Warmage was just bad. Really bad. You simply had the worst of the entire spell list to work with and the class didn't give you enough support to make them good.

Yes, but a Warmage + Rainbow Servant was amazing if you could pull it off, since you now had access to metric fucktons of spells at will.

My favorite 3.5e spellcaster was the Beguiler, since illusion/enchantment was fun to mess around with, and skills were fun to use as well.
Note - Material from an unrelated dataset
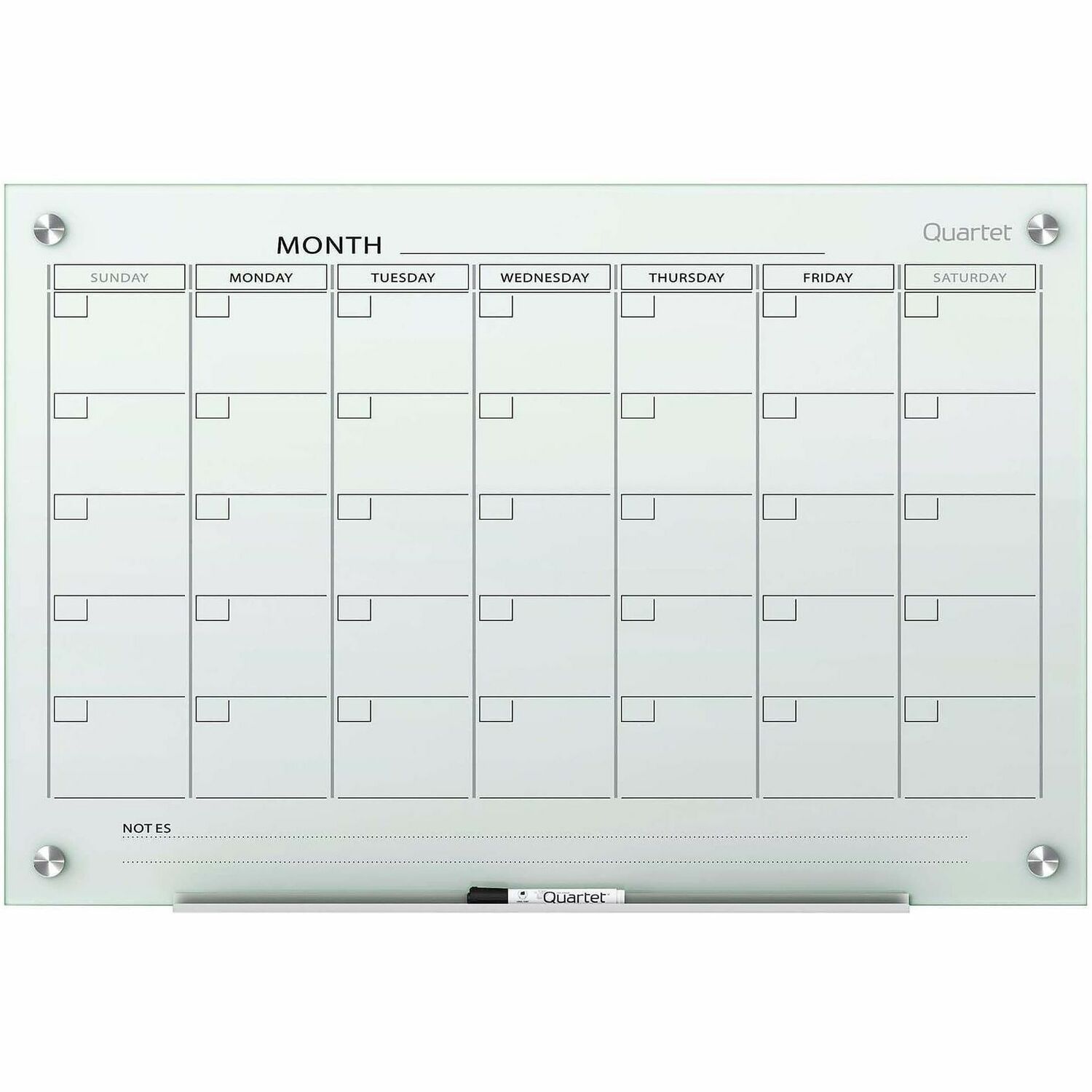 Glass calendar board provides long-term durability for your monthly planning with a modern aesthetic appeal. Frameless board design blends seamlessly into any environment. Reuse month after month to keep track of your schedule all year long. Monthly format offers daily blocks and a ruled column for notes. Tempered glass surface will not stain, ghost, scratch or dent despite heavy use. The magnetic feature allows instant hanging of documents and notes. Dry-erase marker glides evenly over the board surface for smooth writing. Nonabsorbent glass is easy to keep clean with Quartet whiteboard cleaning supplies. Board includes one Quartet dry-erase marker and two rare-earth, high-power magnets.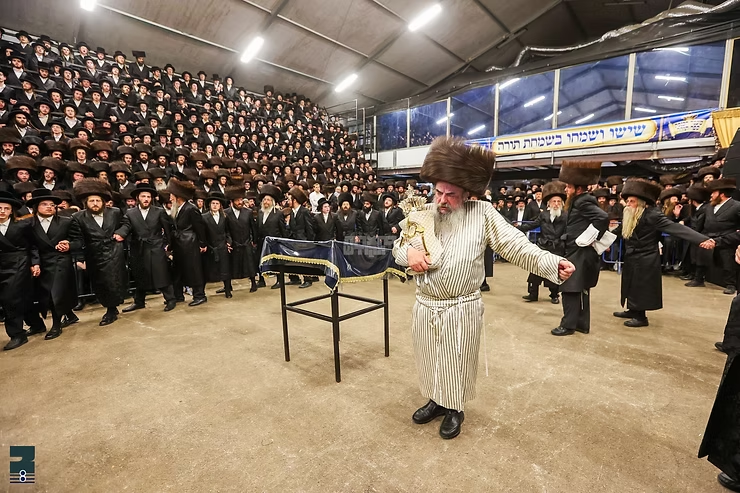 די ריקודין האבן פארגעזעצט ביתר שאת ועוז אינעם גרויסן שאטער פארנט פון ביהמ"ד וואס איז געווען אויסגעשטאט מיט הויעך שטאקיגע פארענטשעס איבערגעפילט מיט די הונדערטער אברכים ובחורי חמד, ווען די רבי שליט"א האט אפגעראכטן די הקפות מיטן ספר תורה מיט אן התלהבות דקדושה. דערנאך האט די רבי מכבד געווען אחיו כ"ק אדמו"ר הרה"צ רבי יעקב יצחק בידערמאן שליט"א מלעלוב ירושלים און גיסו הרה"צ רבי ישראל ארנסטר שליט"א טאנצן מיט די ספר תורה, דערנאך איז געשאפן געווארן א מחול פון די בני משפחת המלוכה, צאצאים פון די רעבעצין ע"ה, ווען אינדערמיט זענען די אייניקלעך הרבנים שליט"א און די חשובי וזקני העדה געטאנצן מיט די ספר תורה בעת די רבי איז מעודד די ריקודין.

Not as objectively powerful as other classes, but a neat kit to play with.

Binders and any Book of Nine Swords class were also amazing, simply because their abilities were metered per encounter rather than per day (Binder was technically on a cooldown).

goatface
Dec 5, 2007

I had a video of that when I was about 6.

I remember it being shit.


Grimey Drawer
Elven prince Harbie Silverchins has been stolen from his home. Even crude detective work by the party will lead them to a clearing where the rather portly bound prince lies next to a similarly bound manticore, surrounded by orcs engaging in an unfathomable ritual. 6 orcs will turn to attack the party. When they die, the orcs decay at hideous speed, rising again as skeletons just two rounds later.

Once the battle is won, the party can investigate the two bound creatures. They have been mind-swapped for reasons they do not understand. Nothing in the clearing suggests what purpose the orcs were trying to achieve.

The mystery is never solved. The ex-elf doesn't mind as he's now got a kick-rear end manticore body, but the ex-manticore is really depressed and kills himself two weeks later.

goatface
Dec 5, 2007

I had a video of that when I was about 6.

I remember it being shit.


Grimey Drawer
The Monstrous Fighting Championship has come to town, bringing the glory of personal combat between semi-intelligent creatures to the masses, at only a fraction of the risk.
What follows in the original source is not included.